I was reading Kodak Color handbook (a very old collection of booklets
from Kodak, possibly late 60's), where there is a long treatment of
various techniques.

There is a statement in that book that surprised me:

"Field studies have shown that pictures made using reflected metering
appear to be more pleasant than those made with incident light
metering"

I may not be repeating exact words, but this is the idea.

How is it that pictures made using reflected light metering are "more
pleasant"?

Thanks,
Sreenath


It doesn't surprise me in the least (let the flames begin). If you
think about it, incident metering makes little
sense in either vision or photography (another cue for dissenting
opinions). What gives an object color, shape, and texture is the
light that it REFLECTS back to your eye or your film/digital sensor.
Take this to the extreme, and consider that you want to photograph a
black hole (so dense, even light doesn't escape...remember that light
behave both like a particle and a wave)...it REALLY DOESN'T matter
how much light falls on it, none is coming back so it just appears to
be a black area with no shape, color, or texture. I'm sorry, but the
human eye and photographic processes ARE NOT sensitive to how much
light FALLS on an object, only on how much comes back to the sensor
(eye, digital sensor, film, etc.).

So, careful (so as not to be deceived by a non-representative area)
reflected metering yields results more like what you see and
attracted you to the subject in the first place. Incident metering
can yield results unlike what you are seeing so if the scene is
unremarkable, you might prefer those results.

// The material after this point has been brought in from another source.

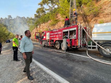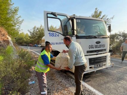 Son bir haftada farklı şehirlerde meydana gelen orman yangınlarıyla mücadele devam ederken, Çiğli Belediyesi de yangın söndürme ve yangıdan etkilenen bölgelerde yapılan çalışmalara desteklerini sürdürüyor. Çiğli Belediye Arama Kurtarma Ekibini (ÇAK), söndürme, soğutma ve lojistik destek çalışmalarında bulunmaları amacıyla Manavgat’a, Arazöz ekibini ise Marmaris’e gönderen Çiğli Belediye Başkanı Utku Gümrükçü, Marmaris’e giderek çalışmaları yerinde inceledi. Arazöz ekibiyle birlikte soğutma ve söndürme çalışmalarına katıldı.

[INSERT OPPOSING VIEWS HERE]


In theory, incident metering eliminates the problem of how to photograph
snow, or grass or shadow etc. Your meter will never be off because of the
subject and each part of the subject will be recorded on the film in at the
expected density.

The theory sort of falls apart due to the limits of the film. It can't
always record all light levels.

Reflective averaging makes sure the average density of the subject is
grey, which is usually right, but not always.

Now if you use the zone system you get around this, and can use it to
your creative advantage, if you have the skill and time.

In the real world, there is no best, only what works.